We can keep going. Ask me any question you like about $B^t$. I can then rephrase that into a question about $\tilde{B}$. Likewise, if you manage to answer one of these questions then by a simple rewording, you also know the answer to the other one. That’s the whole point of $\iota$ being an isomorphism.

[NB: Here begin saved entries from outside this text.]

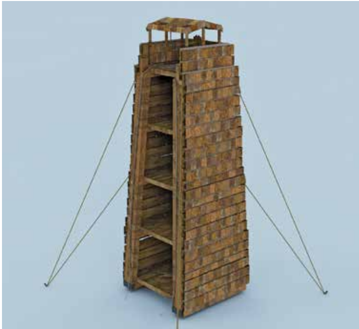
Fig. 4 – La tour de siège d'Apollodore de Damas
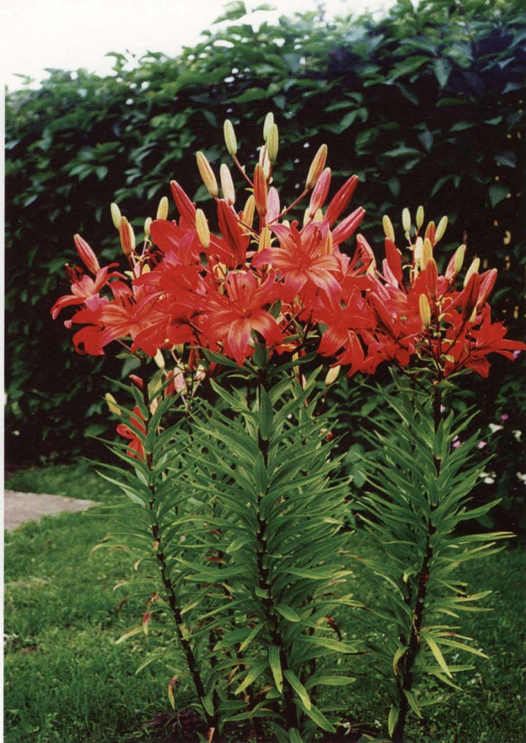
Liliju ( Lilium ) šķirne 'Krēsla' (sel. Ā. Zorgevics)
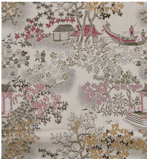
(a) 1988年以人物为主体的世俗古香缎 (花号: 外001)
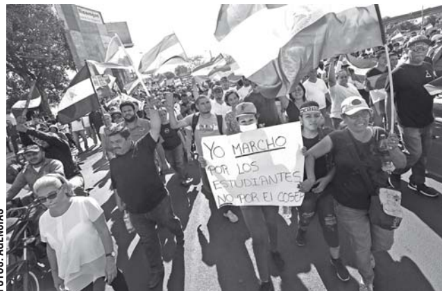
► Los opositores exigen la renuncia de Ortega.

una reforma al sistema de seguridad social, pero se ampliaron tras la violenta represión.
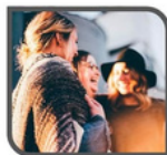
Conversación 65 dB
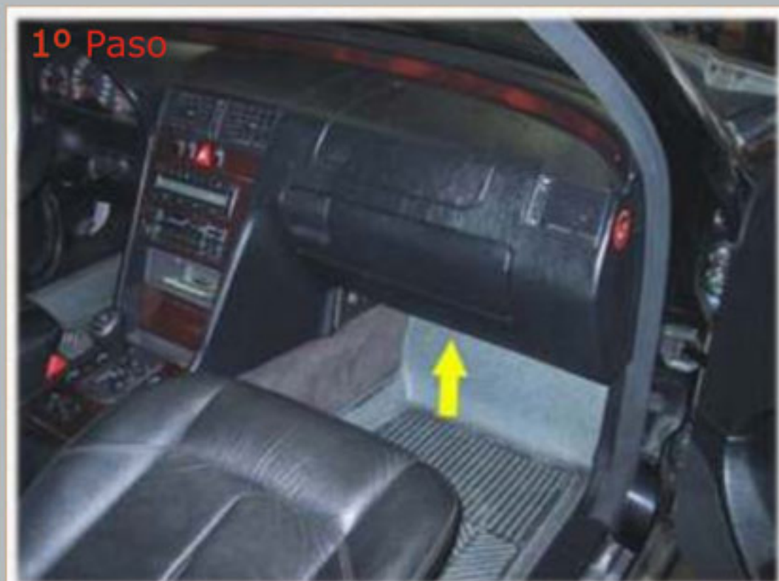
El filtro está ubicado debajo de la guantera..
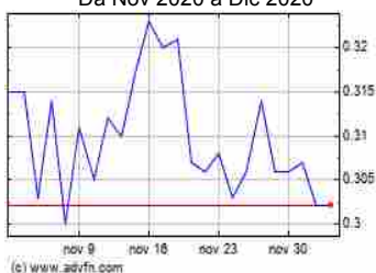
Grafico Azioni Wm Capital (BIT:WMC) Storico Da Nov 2020 a Dic 2020
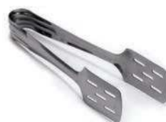
Щипцы для тортов CS-T ECO 20 см, нерж.сталь
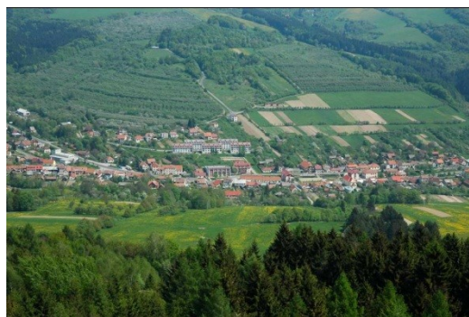
Obrázek č. 13 – Obec Žitková

V obci Žitková se dochovala řada příkladů lidové architektury Moravských Kopic. Souborem původních domů jsou stavení č. p. 29, 43, 48, 49, 72 a stodoly č. p. 21, 70, 76. Nová kaple Panny Marie Kopicnické zapadá do krajiny a neruší historický ráz obce. Na katastru obce se nachází několik zajímavých přírodních území. Jsou to především přírodní rezervace Hutě a Pod Žitkovským vrchem, ale zajímavé jsou i
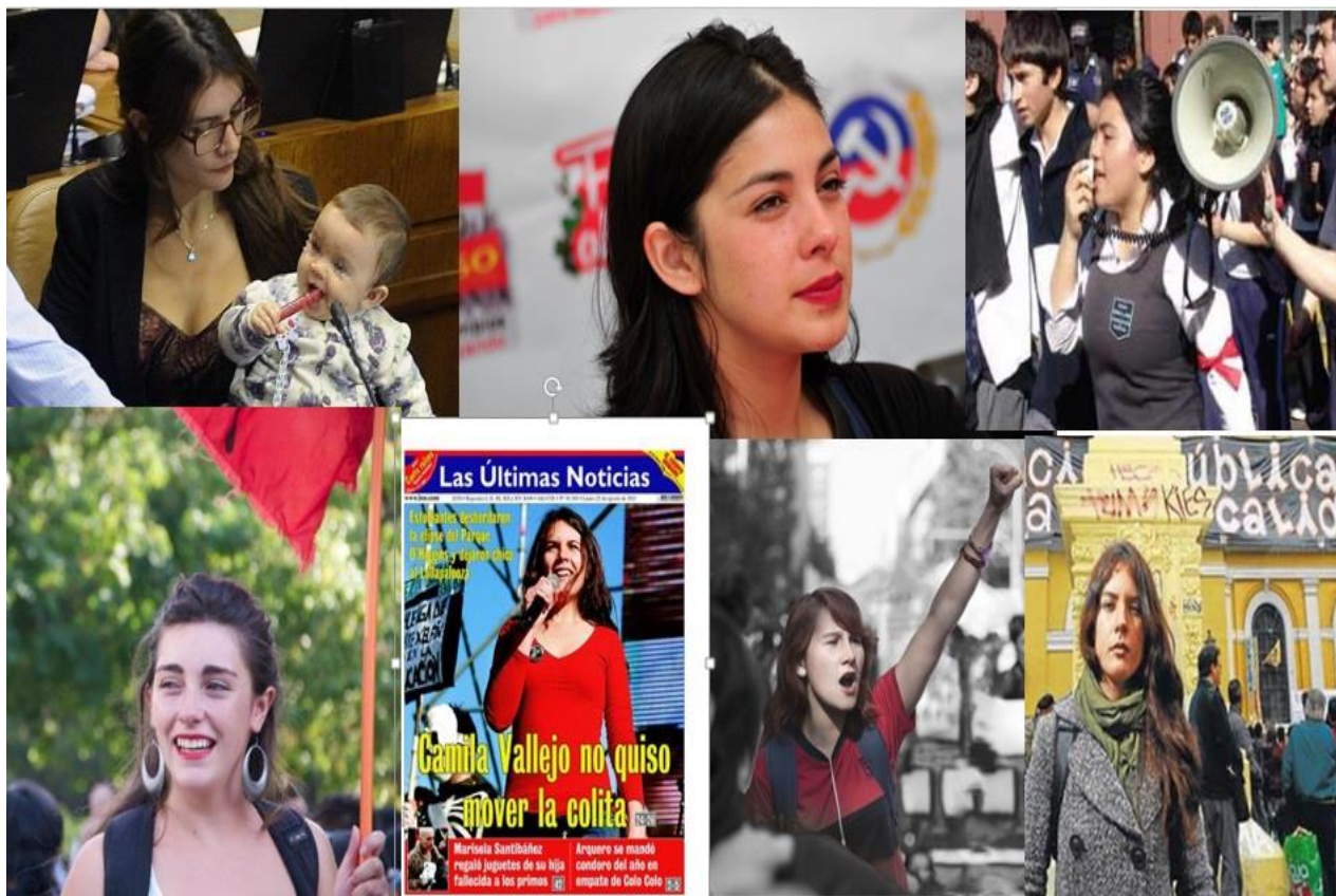
(Imágenes de las figuras íconos del Movimiento Estudiantil chileno, las cuales fueron presentadas a las entrevistadas)
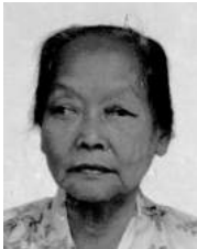
28 1910 Kan Pan Nio (2)

So, yes you’re correct that $\tilde{B}$ and $B^t$ are different maps. But so what? They’re related by composition of an isomorphism, so they tell you the same thing (notice also that $\iota$ is not just some random bijection; it is linear which is what gives us for example the statement about kernels in the second bullet point). The stuff I said here goes through for any triple of vector spaces $X,Y,Z$ and linear maps $T:Y\to Z$ and $S:X\to Z$ and a linear isomorphism $\phi:X\to Y$ such that $S=T\circ \phi$. In the case we’re talking about, the reason why we even bother with introducing the $\iota$ is because it is a natural isomorphism; its existence does not rely on me specifying any extra information like a choice of basis. One could (but one doesn’t, without good reason) introduce an arbitrary isomorphism $\phi_1:V\to\Bbb{F}^n$, $\phi_2:V^*\to\Bbb{F}^n$ and $\phi_3:V^{**}\to\Bbb{F}^n$, and talk solely about the corresponding induced linear maps $\Bbb{F}^n\to\Bbb{F}^n$ (or what amounts to the same thing, certain matrix representations). But one doesn’t generally do this because the isomorphisms introduced here are unnatural.